THE TASK:
Please give all of the data again, character for character, and drop the pictures.

EXERCISE DATA:
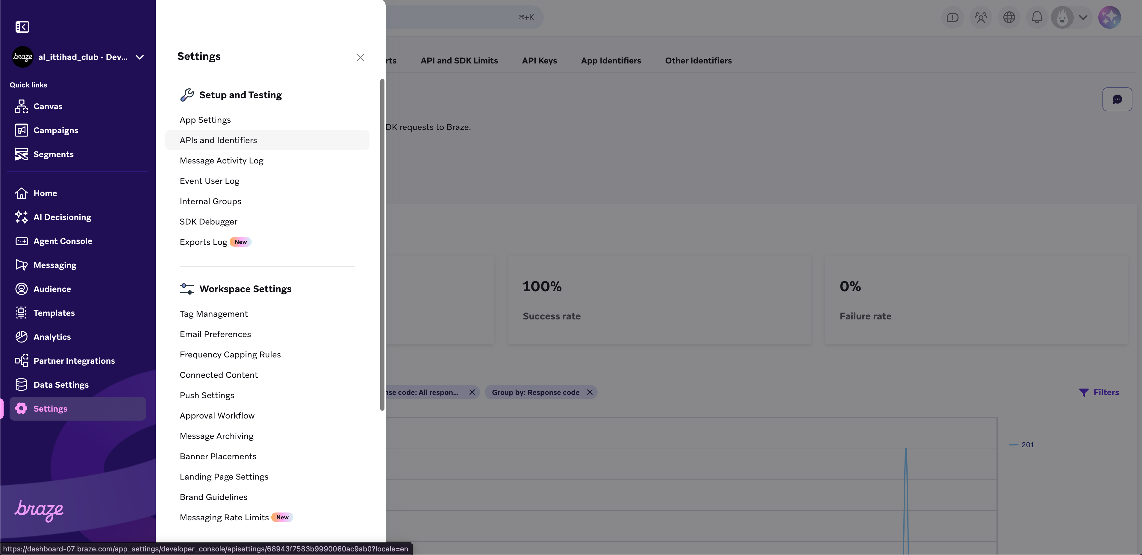 Braze settings
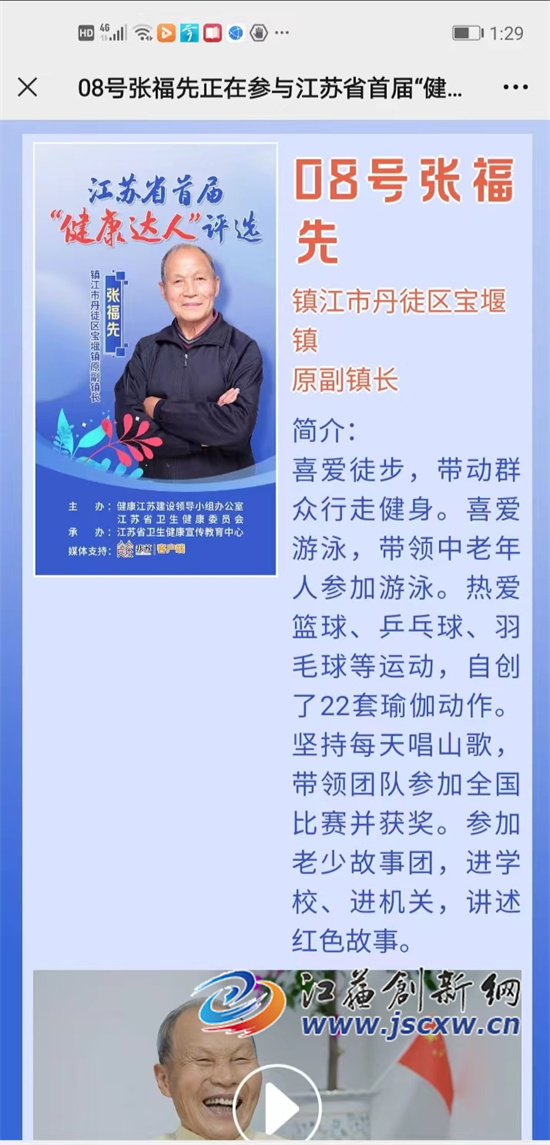 在江苏省卫生健康委员会“健康达人”组委会的网页中介绍张福先:张福先,喜爱徒步,带动群众行走健身。喜爱游泳,带领中老年人参加游泳。热爱篮球、乒乓球、羽毛球等运动,自创了22套瑜伽动作。坚持每天唱山歌,带领团队参加全国比赛并获奖。参加老少故事团,进学校、进机关,讲述红色故事。为此,本报记者在28日下午专门采访了张福先老人。
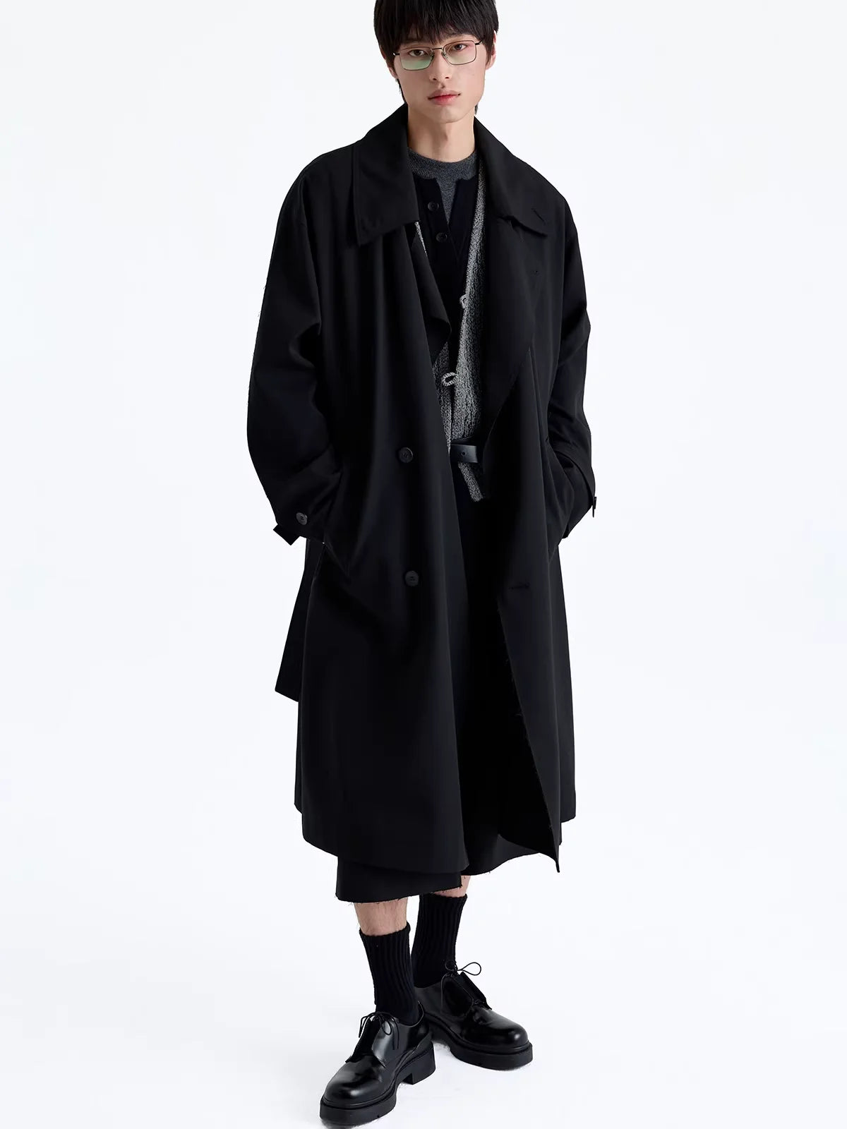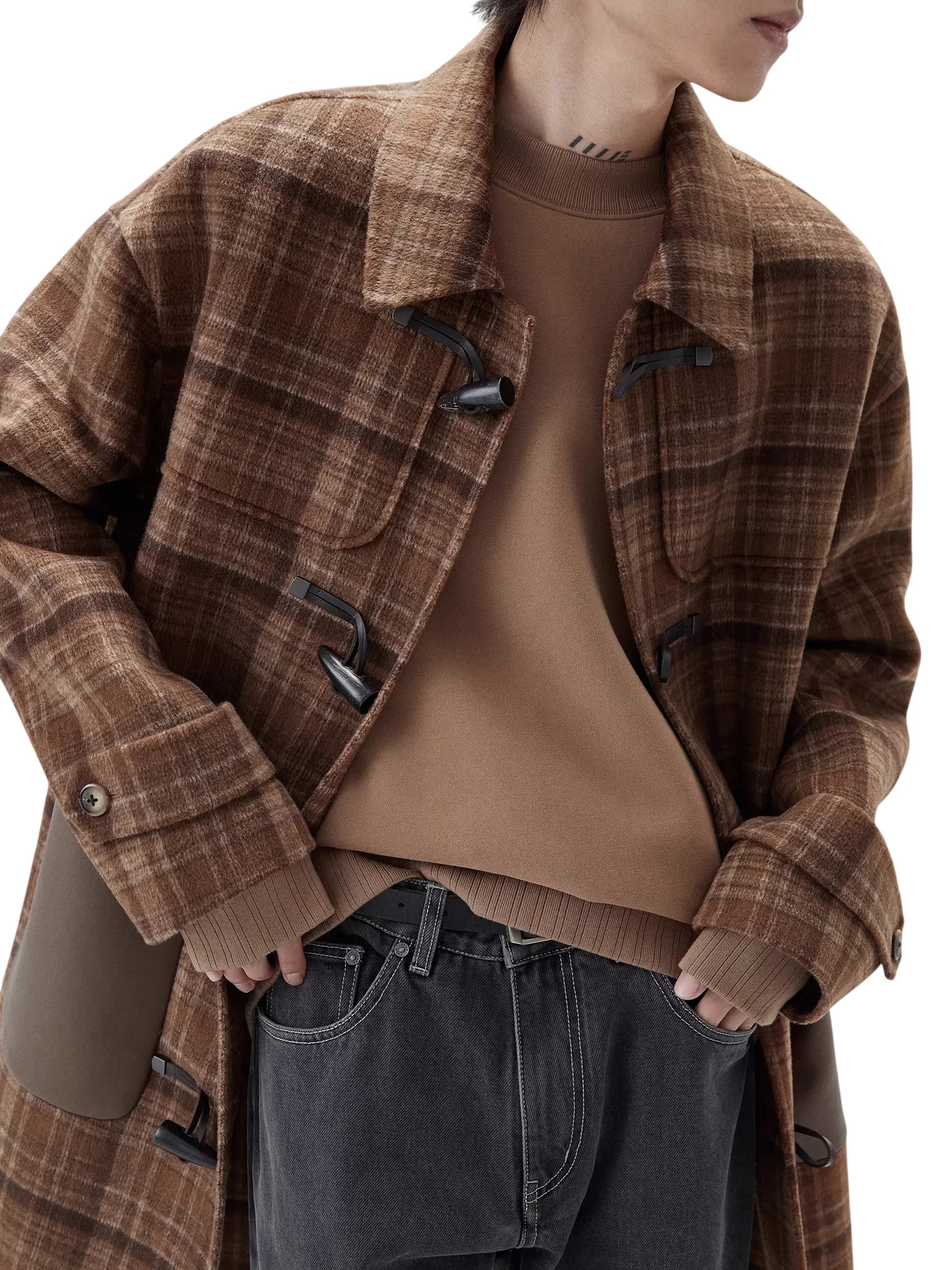 NANS Menswear Mixed Wool Double-Sided Balmacaan Coat with Buckle Placket

RESULT FOR THIS TASK:
 Braze settings
 在江苏省卫生健康委员会“健康达人”组委会的网页中介绍张福先:张福先,喜爱徒步,带动群众行走健身。喜爱游泳,带领中老年人参加游泳。热爱篮球、乒乓球、羽毛球等运动,自创了22套瑜伽动作。坚持每天唱山歌,带领团队参加全国比赛并获奖。参加老少故事团,进学校、进机关,讲述红色故事。为此,本报记者在28日下午专门采访了张福先老人。
 NANS Menswear Mixed Wool Double-Sided Balmacaan Coat with Buckle Placket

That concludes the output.